(2024.06 기준) code 생성용 LLM들

01 Jun 2024

작년 9월에 (2023.09 기준) code 생성용 LLM들라는 글을 적었었다.

2024년 06월 기준으로도 적어본다. 워낙 발전 속도가 빠른 분야이다보니 9개월이 지난 현재 시점에서는 새롭고 더 성능 좋은 모델이 많이 나온 것으로 보인다.

본인도 아래에 있는 모델을 모두 테스트해본 것은 아닌 점을 밝힌다.

Llama 3 70B Instruct

2024.06 기준으로 chatbot arena leaderboard의 coding 분야에서 당당히 12 위를 차지하고 있다. 1위~11위는 모두 closed-weight model이므로 공개된 model 중에서는 Llama 3 70B Instruct가 1위이다.

출처: https://chat.lmsys.org/?leaderboard=

code 생성 전용 모델이 아님에도 점수가 꽤나 높다. 심지어 GPT-4-0314보다 순위가 높다.

Codestral

2024년 5월 29일에 발표된 아주 따끈따끈한 model이다. model size는 22B이다.

Llama 3 70B는 code 생성 전용 모델이 아니었지만 Codestral은 code를 많이 학습한 모델이다. 그래서 그런지 size가 22B임에도 Llama 3 70B Instruct보다 점수가 높다 (Codestral 개발사에서 측정한 점수라는 걸 감안하자)

(출처: https://mistral.ai/news/codestral/)

leaderborad에서 점수를 보면 좋겠는데 아직 못 찾았다.

그런데 사람들 평은 무척 좋아보인다.

Codestral 발표이후 reddit에 다음과 같은 글이 올라왔는데 댓글이 많이 달렸으므로 궁금한 분들은 한번 읽어보자.

Codestral: Mistral AI first-ever code model

그리고 며칠 뒤에는 다음과 같은 제목의 글이 올라와 있다.

Codestral solved a problem in two messages that I couldn’t resolve with bouncing around between GPT4o, GPT-4 and Claude Opus for an hour.

GPT-4o로 1시간이 걸려도 못 풀었던 것을 Codestral에서는 단 2줄로 풀었다고 한다.

AutoCoder

model size: 33B, 6.7B

reddit 글을 읽다가 알게된 model이다.

https://www.reddit.com/r/LocalLLaMA/comments/1d3qx5q

Abstract 내용만 보면 AutoCoder가 GPT-4 Turbo와 GPT-4o를 뛰어넘는다고 한다.
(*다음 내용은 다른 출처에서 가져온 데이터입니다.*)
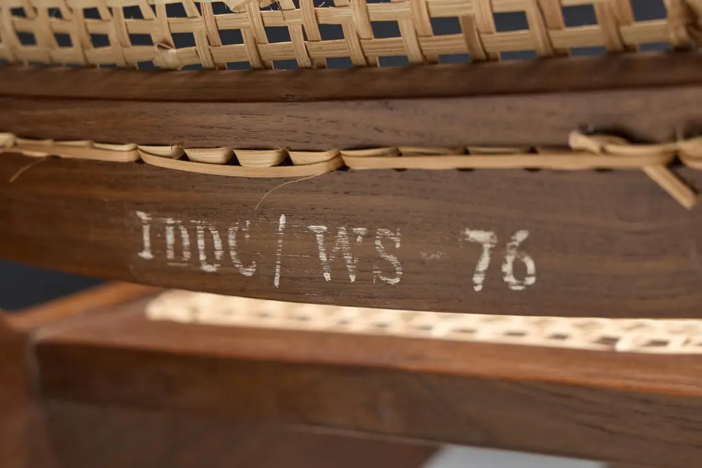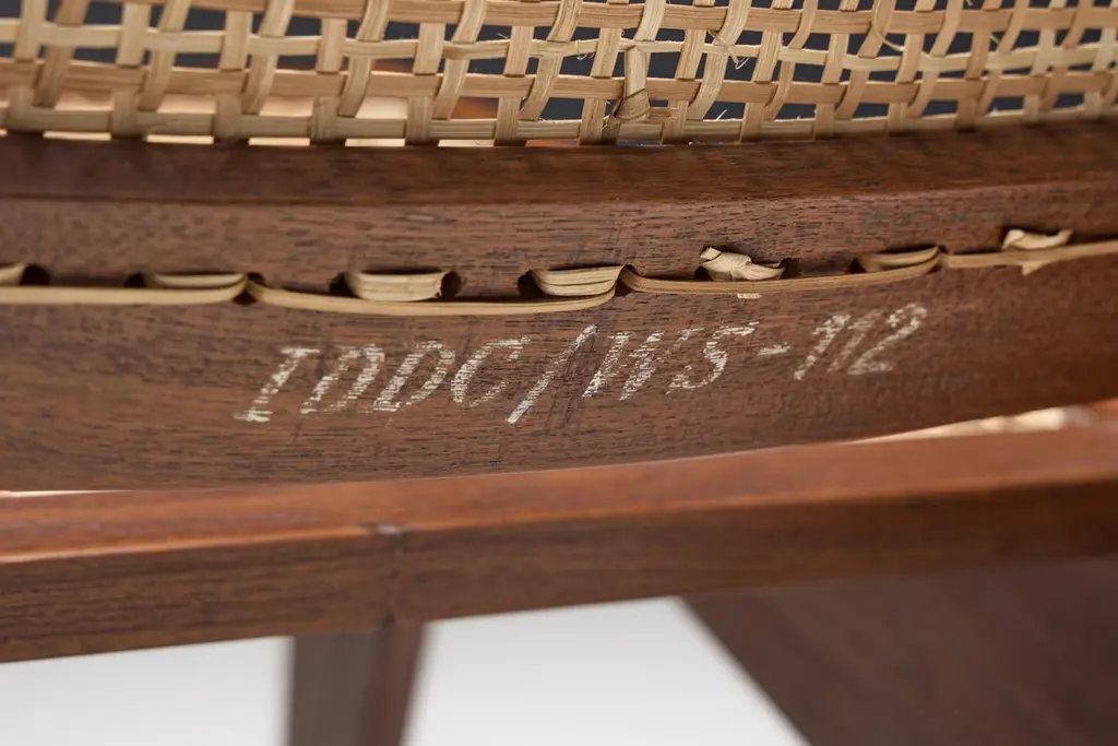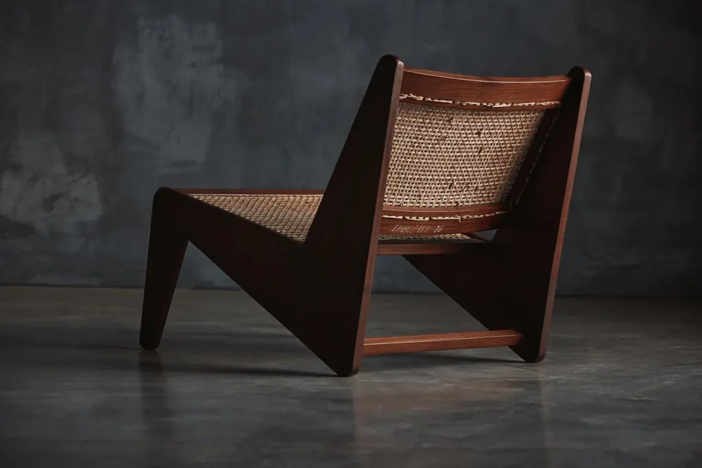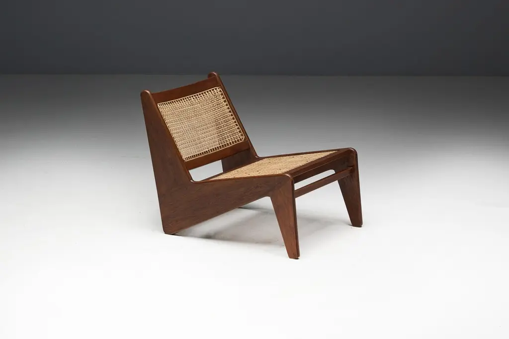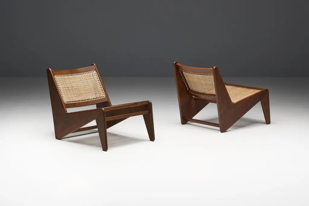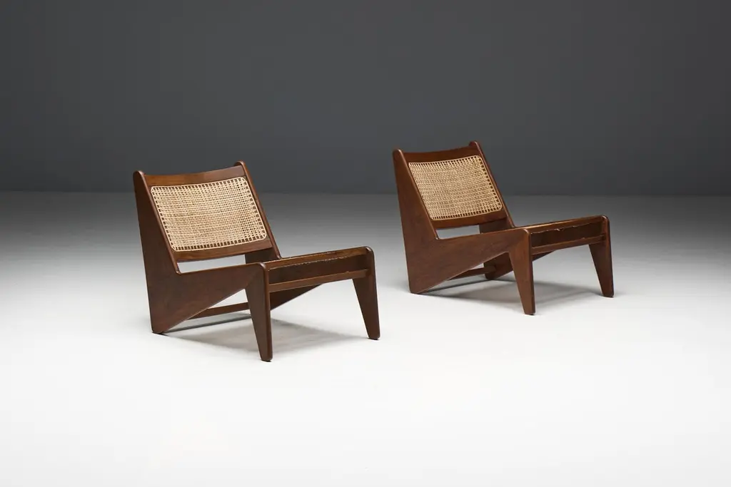 Kangaroo chairs designed by Pierre Jeanneret for Chandigarh’s General Hospital Hall, crafted from solid teak and intricately braided cane. These iconic chairs became integral to the city’s furniture landscape, blending modern European aesthetics with traditional Indian influences. Jeanneret’s designs are celebrated for their simplicity and elegance. This low chair is defined by its unique "Z" shaped sides, formed by a sequence of three vaguely triangular, coplanar elements. The seat and backrest showcase a signature weaving technique within the wooden frame. Found in both public buildings and private residences, the chair symbolizes Chandigarh's mid-century design. Notably, the chairs were made from trees harvested during the city's construction, reflecting an early commitment to sustainability. Their eco-friendly origin further adds to their historical value. Two chairs are available, priced individually

We introduce AutoCoder, the first Large Language Model to surpass GPT-4 Turbo (April 2024) and GPT-4o in pass@1 on the Human Eval benchmark test (90.9% vs. 90.2%).

code 생성 능력도 능력이지만 code interpreter 기능이 좋다고 한다.
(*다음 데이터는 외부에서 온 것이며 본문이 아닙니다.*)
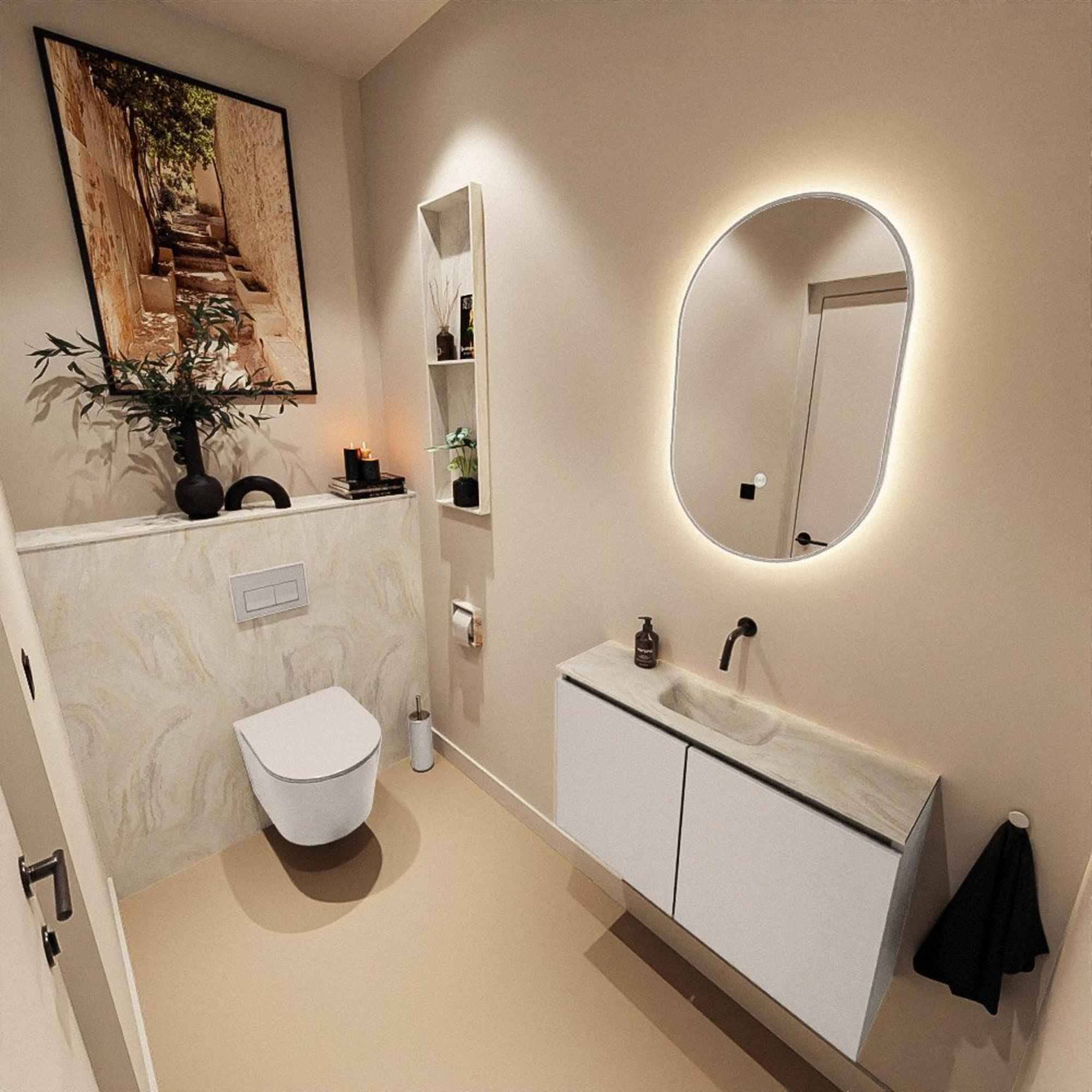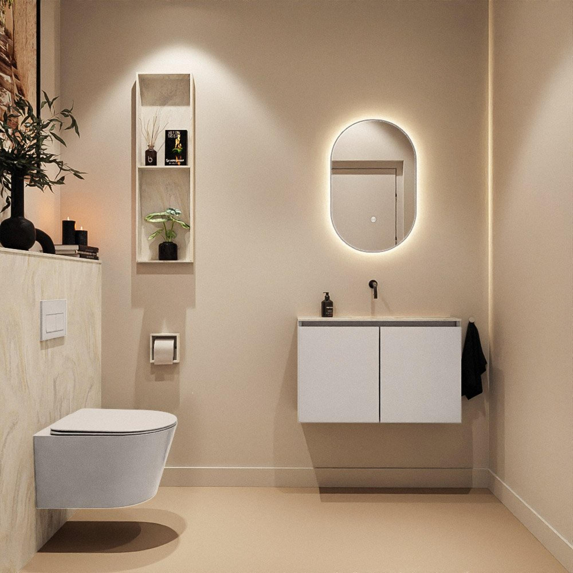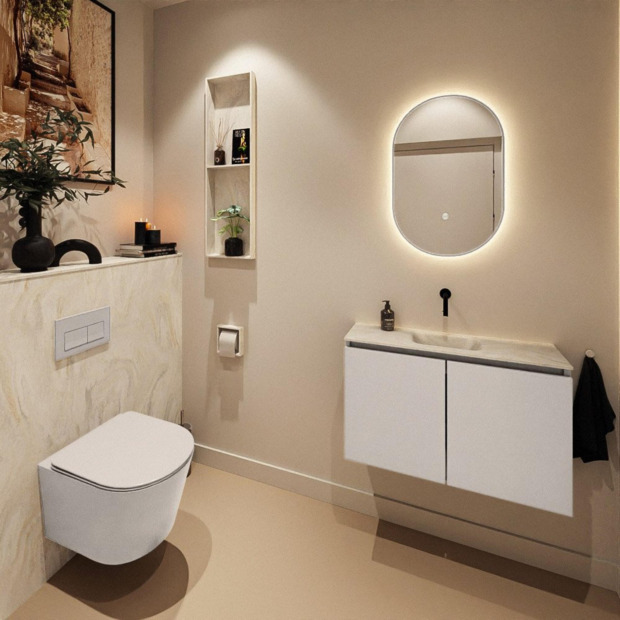 Si vous recherchez un meuble sobre et compact qui permet de créer une allure luxueuse même dans un petit espace de toilettes, alors ce meuble de toilette est un choix judicieux. Grâce à sa faible profondeur, il occupe à peine de place, tout en offrant un lavabo complet avec un confort de lavage suffisant pour se laver les mains. La combinaison du meuble dans une chaleureuse couleur lin et du plan vasque crème apaisant crée une apparence moderne et douce qui s’intègre à de nombreux styles d’intérieur : du style hôtel chic au minimalisme scandinave. Ce meuble s’exprime particulièrement bien dans des toilettes invités ou une petite salle de bains dans laquelle vous souhaitez conserver une ambiance lumineuse, aérée et ordonnée. Grâce à la finition sans poignées, l’ensemble paraît encore plus épuré et apaisant, et les matériaux solides en font un choix durable pour un usage quotidien.

In addition, AutoCoder offers a more versatile code interpreter compared to GPT-4 Turbo and GPT-4o

(근데 code interpreter는 model이 아니라 LLM과 상호 작용하는 agent일텐데, 어떤 점이 code interpreter 관점에서 AutoCoder model이 좋다는 것인지는 아직 잘 모르겠다)

base model은 DeepSeek Coder라고 한다.

CodeQwen 1.5

model size: 7B

위의 AutCoder reddit 댓글에서 알게된 모델이다.

size가 7B 밖에 안되는데 HumanEval+ 점수는 AutoCoder 33B보다 점수가 높다. (다만, +가 안 붙은 그냥 HumanEval에서는 AutoCoder 33B가 더 높다)

reddit 댓글 https://www.reddit.com/r/LocalLLaMA/comments/1d3qx5q 를 읽어보면 CodeQwen의 평가가 극과 극을 달리는 듯 하다.

댓글 1: “In my experience CodeQwen can produce great code and terrible one, on a random basis”
댓글 2: “Up until the release of gpt4o codeqwen was my go to model. It’s literally magic”
댓글 3: “I saw this chart and downloaded codeqwen to use with Contine as a Copilot alternative in VS code. It’s so bad. It can’t stick to the requests and generates stuff I don’t want. On the other hand, llama 3 70B is way better with the same prompts”

DeepSeek Coder

model size: 1.3B, 5.7B, 6.7B and 33B

요것도 꽤나 언급되는 모델로 보인다.

DeepSeek과 Qwen 둘다 중국 기업의 모델이다. 우리나라 기업의 모델이 안 보여 많이 아쉬웠다.